Dear David Grubb,

I was came across your collection of poems – From The White Room – recently, trying to find suitable new homes for my collection of books as builders work on my house and push everything to one side and, as is to be expected, not achieving a great deal but dust and discomfort. For me, however, each individual volume I had to move from its former home to a new, temporary, one brought back memories of past years, experiences and pleasures, had to be opened, re-read, mulled over. It is strange reading works I enjoyed as a teenager now, in what some call the full years of life, with so many memories of those times, and the realisation now of what could have been, as opposed to what happened.

I was thinking, in particular, of your final work in this collection – For Solzhenitsyn, Now – as I sat down to write, and remarking to myself how times change and yet, as we know from experience, tend to remain the same. We had great expectations from the Master of oppressed writing back in the Seventies; hoped and demanded that he produce works of an equal calibre to those smuggled out from Soviet Russia; expected him to turn to our own society and praise us, at the very least.

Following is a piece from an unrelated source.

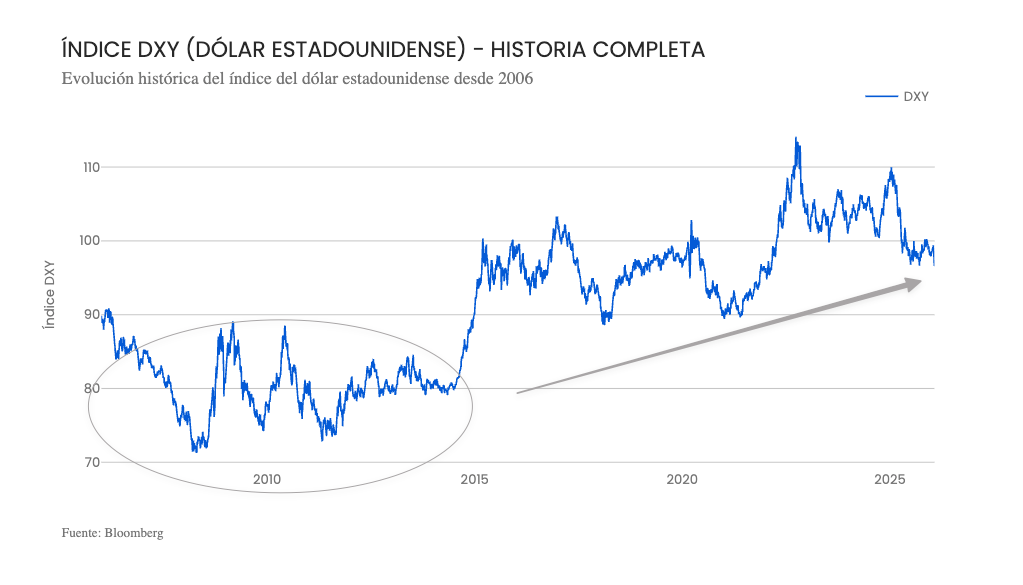 Para ver esa segunda parte hay una medida útil, pan de cada día en las mesas de inversiones, pero no muy famoso fuera de ellas: un índice llamado DXY. Este indicador mide la fortaleza del dólar contra una canasta de seis monedas relevantes: euro, yen, libra esterlina, dólar canadiense, corona sueca y franco suizo. En palabras simples, el DXY es un termómetro de qué tan fuerte está el dólar frente a otras monedas importantes.

We were disappointed with Solzhenitsyn. Perhaps the lack of oppression robbed him of the very vitality needed to bring his best words to paper, to explore his ideas and face the great bear of government he had known. Freedom, for what it is, can be a relieving as well as a destructive force.

Now, several decades later, we see new forces in our world which threaten to return us – or them, as we sincerely hope – to a new state of oppression. We turn our eyes to the United States of America, and here your words ring true:

We will all wait for a year or two to settle scores. But then we expect the public scream, our dream of evil to be savagely explored.

It seems to me, reading through your words over and over again, that we are returning to a state long since abandoned, but with many expectations which cannot, will not, be fulfilled. And the question must be asked: do we have a Master capable of writing the truth, as bitter as it may be, and smuggling it out to the free world as a plea for help?